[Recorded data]

════

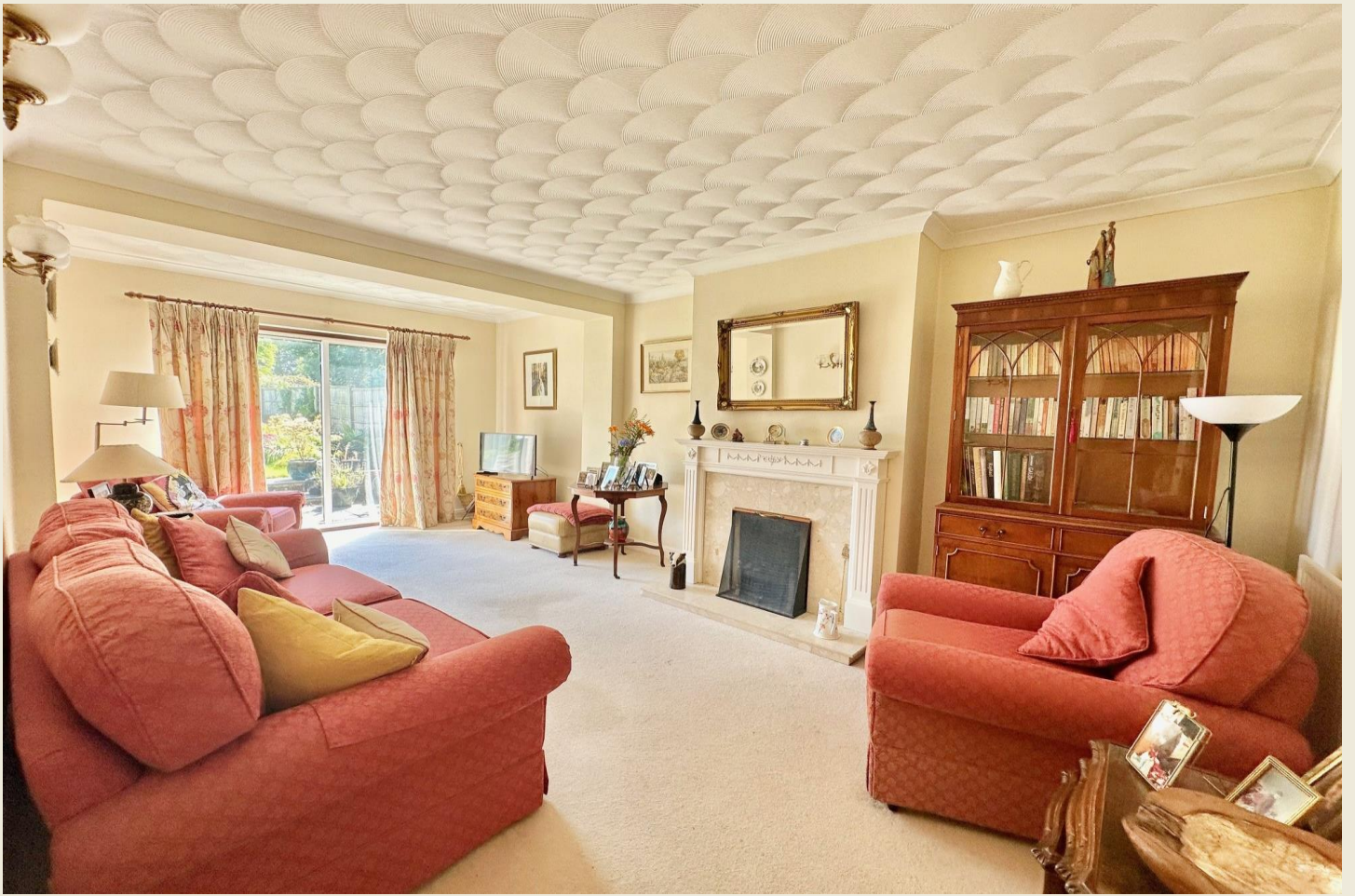
LIVING ROOM (19'8 x 10'11)
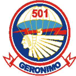
Geronimo's family permitted 501st PIR patch in 1941.
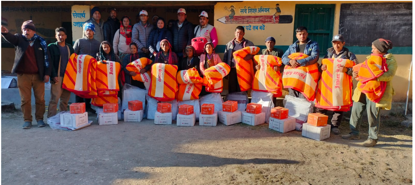
Targeted households receiving relief items from the Indian Red Cross Society in Uttarakhand
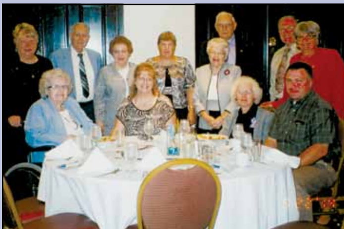
Members from the Lehigh Valley at the Board Meeting Breakfast Buffet.
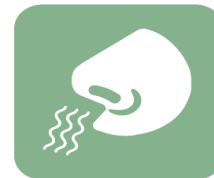
Smells in this area
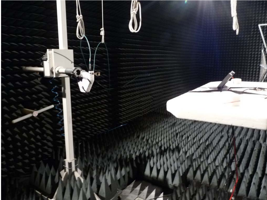
Photo 4: Test setup for radiated measurements (Enclosure, fully-anechoic chamber, 18-25 GHz, intentional radiator § 15)
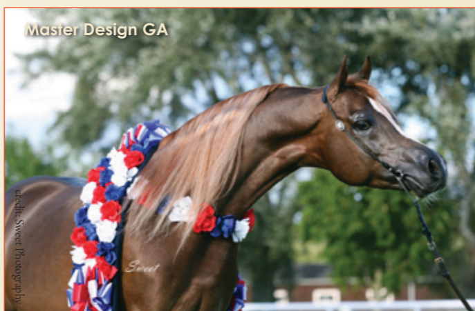
Master Design GA

US National Champion, Eternity, is *Sharem El Sheikh's most famous son. We have several "Sheikh" daughters on our farm that we have bred back to *Sanadik El Shaklan or Om El Shahmaan. Some of the more well-known horses resulting from these specific lines are Om El Bernadette, Om El Extrem, Om El Exquisit, Om El Bellissimo
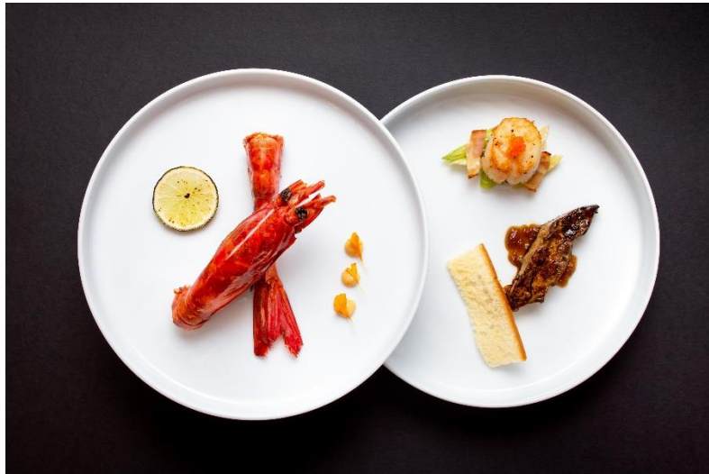
Appetisers – Spanish Carabinero Red Prawn (L), Pan-seared Hokkaido Scallop and Hong Shao Glazed Foie Gras (R)

The smorgasbord of flavours does not stop there – taste one of Europe's most premium ingredients, foie gras, like never before. Slow cooked on a low temperature using the traditional Chinese braising technique of hong shao (or red cooking), it is served with a medley of aromatic Asian spices, onion marmalade and brioche, bringing together the best of European and Asian cuisines in a mouth-watering delight to the senses. Next is the Scallop Dumpling served in a warm and savoury seafood broth with porcini dust and white truffle oil.
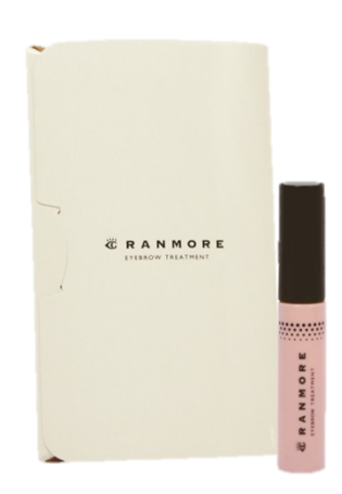
A gentle flocky type for easy application

Use within two months of opening. Let this product dry before applying eyebrow makeup.
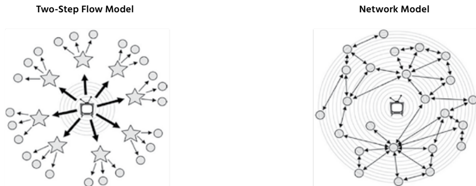
Figure 1: Models of Influence

To pursue the research objective two brand disruption cases, namely of Birkenstock and New Balance, were qualitatively analysed and compared. First, both brands were subject to an explorative netnography. As Kozinets (2002) describes, netnography is the transfer of ethnographic procedures to the internet. Thus, brand-related consumption practices were studied online, in-depth, and prolonged. Muniz and O’Guinn (2001) highlight the web as a capable source to explore consumers’ behaviour, their value systems, and their relationships to objects. Birkenstock and New Balance were traced within newsgroups, online forums (e.g. www.dasneuebirkenstockforum.eu, www.sizetag.de) and social media channels (e.g. www.facebook.com, www.instagram.com). Second, to enrich online data phenomenological interviews
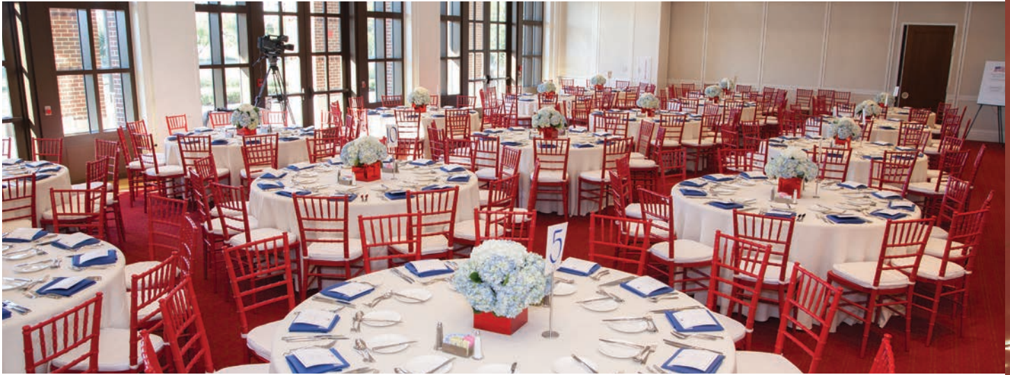
Hall of State
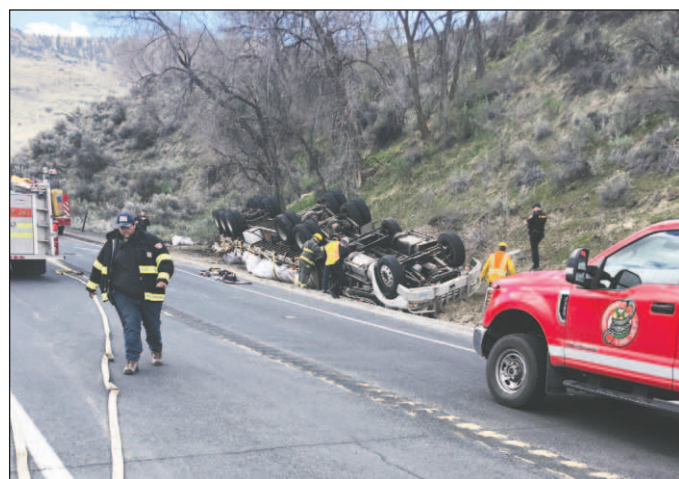
A semi truck hauling a non-hazardous material left McNeil Canyon Road on April 4 and overturned, killing the driver, a 57-year-old man of Spokane.
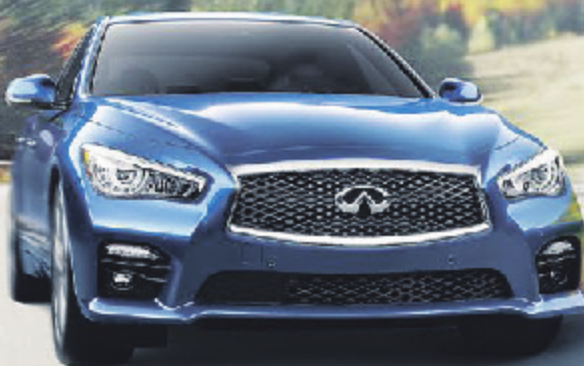
2017 Q50 RED SPORT AWD

0% *LEASE or FINANCE UP TO 48 MONTHS OR ^$7,000 RED SPORT CASH
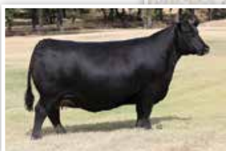
CONLEY SANDY 7350 $90,000 Granddaughter of K N C Cabin Creek Sandy 804
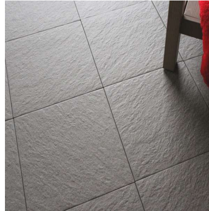
Anti Skid Flooring
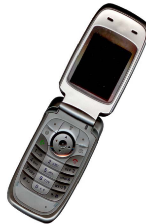
Fig. 3. Example of an image with acceptable resolution
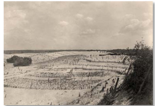
Early snow fencing, wooden fences; Image 12-1982
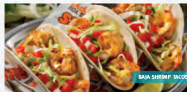
BAJA SHRIMP TACOS

Make it a Texas Cheesesteak with queso, Daytona Beach sauce, pico de gallo and sliced jalapeños +.99
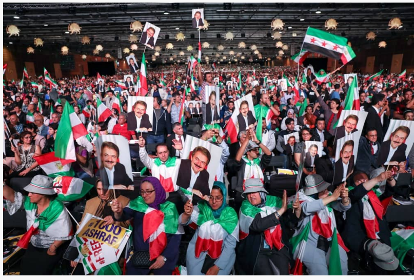
Free Iran World Summit 2021.

well as on the general situation of human rights in Iran and emboldened Iran to continue to
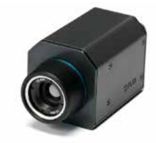
The FLIR A65 produces high-quality thermal images in 640 \times 512 resolution, with temperature differences as small as 50 mK.

"With standard leak detection techniques, such as pressure sensors or mass volume calculations, it is very difficult to detect smallsize liquid leaks very early on, mostly due to the leak size. These standard solutions have a typical accuracy of one to five percent," says Shane Rogers, vice-president Product Development at IntelliView. "In the mining
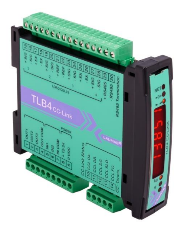
Figure 3 TLB4 indicator – sub model TLB4 CC-Link.
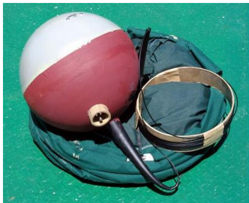
Figure 1: Satellite-tracked surface drifting buoy.

Mathematical and physical models have shown that with time the ocean currents aggregate the marine debris and create the so-called “garbage patches”. The models utilized to estimate the rate and location of aggregation are typically calibrated using both drifting buoy (“drifters+) trajectories and surface drift simulations using ship drift data.
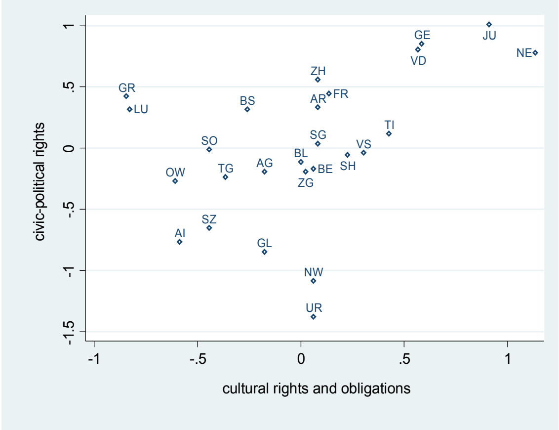
Figure 2 – Two-dimensional map of citizenship rights and obligations

Note: Entries are z-standardised values.
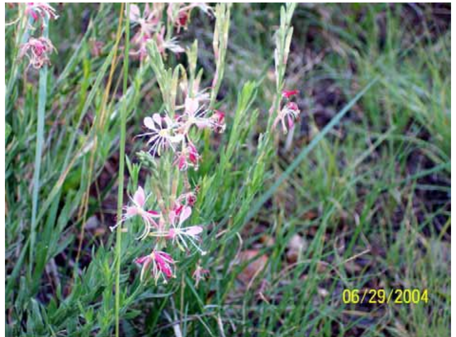
Photograph 48. June 29, 2004.
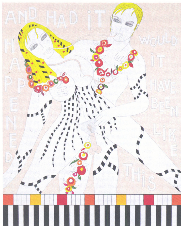
Bottom: Dorothy Iannone, My Beautiful Laundrette , 2014. Gouache and acrylic on paper on wood, 16.73 x 21.46 x 7.87 in. (42.6 x 54.5 x 20 cm).
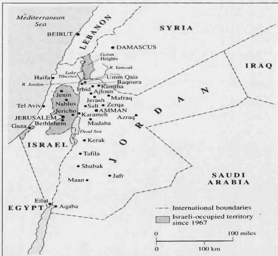
Map 2: Jordan and its neighbours
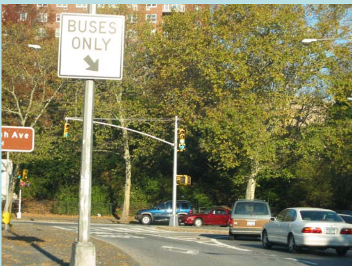
Bus Only Lane at Grand Army Plaza
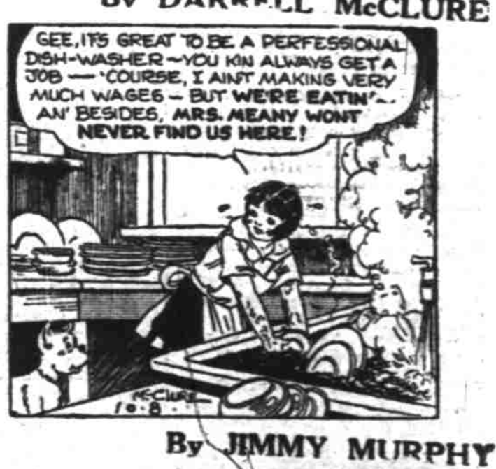
"A Man With a Future"

THE LITTLE KID MUST HAVE KNOWN THAT OLD GLOAS GOT HIS INFORMATION HERE IN ARKVILLE -- SHE WOULDN'T COME HERE!! ~ I DON'T LIKE THE LOOKS OF MRS MEANY - BUT SHE HAS PROOF SHE'S THE CHILD'S GUARDIAN --- MAYBE IT'S MY DUTY TO TELL HER-WHERE I THINKS
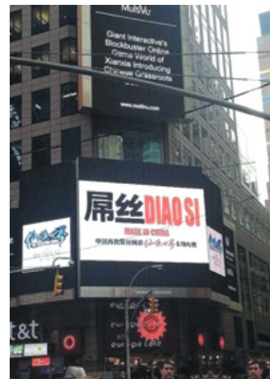
Billboard on Times Square for fantasy game, stating 'Diaosi, Made in China' in April 2013.

Literally 'penis thread', diaosi is a self-deprecating epithet used by men who, sarcastically or otherwise, perceive themselves as losers in society. In a world in which marriage is all too frequently like a commercial transaction, a diaosi might possess the traditional virtues of reliability, industry and loyalty, but lack the requisites for social success in today's China: wealth, power and good looks. He's thus a diaosi — a loser unable to win the hand, for example, of a desirably pale, rich and pretty ( bai fu mei 白富美), if icy, goddess.
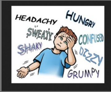
Low Blood Sugar Services
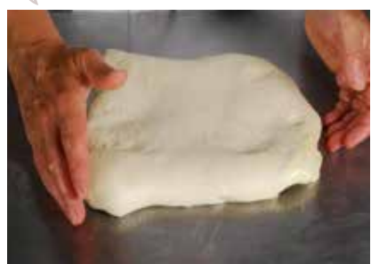
1 Shape the dough into a rough rectangle or square.
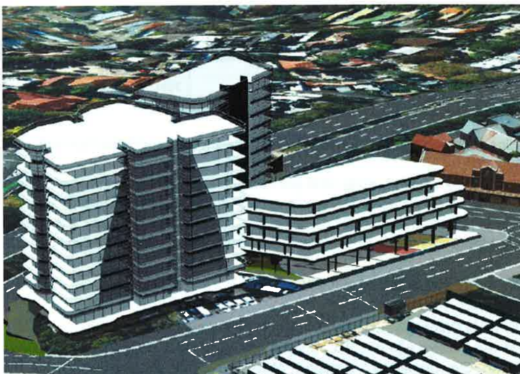
Figure 8: Conceptual image of future western entrance to Bondi Junction town centre: Proponent

Council's staff report sought a further reduction in building height from 25m for 'Site 2' and a reduction in floor space ratio from 3.5:1 to 2.4:1 for this site to align with the revised height. The aim of these reductions was to minimise amenity impacts on both the surrounding area and proposed on-site open space areas (see further discussion under heritage below).
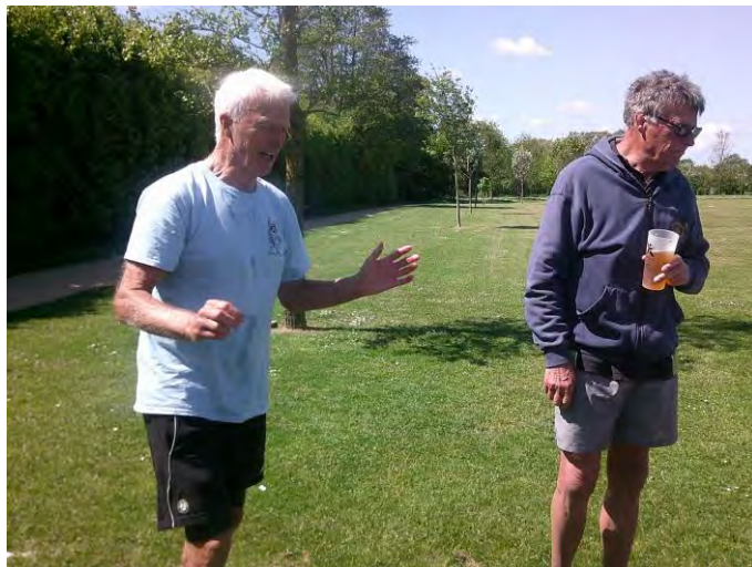
It was this big!
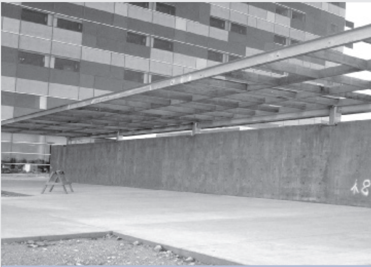
The trellis in the Abell-Hanger Courtyard will provide shade for a sitting area bordered by the donor wall.
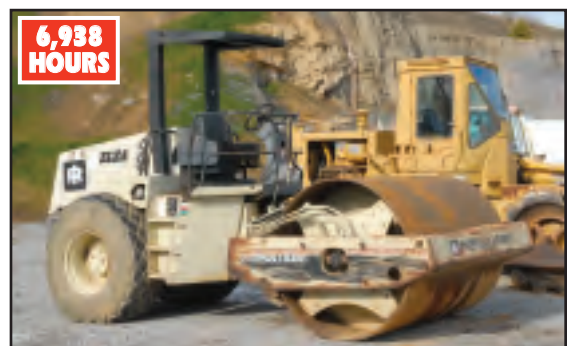
INGERSOLL RAND PRO PAC SD100 SINGLE DRUM SMOOTH ROLLER
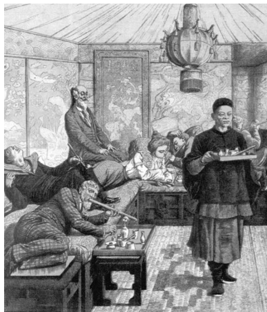
Le Petit Journal (1903), reproduced in Opium

3 50 My contempt for books such as this arises precisely because they are so effective. After a couple of hours reading it, I was on the point of overlooking my years of suffering, harm and struggle and almost booking a one-way ticket to the 55 Laotian jungle, there to reside on a teak bed surrounded by jasmine flowers. It is these dreamy
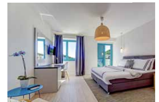
Main picture: the beautiful town of Šibenik. Left and top: the Old Harbour and Old Town of Dubrovnik. Above: stay in the spacious rooms at The Admiral Zaton

════

## Your instructions
Give only the number of lines in the entries above that contain the string "both".

## Answer to this exercise
3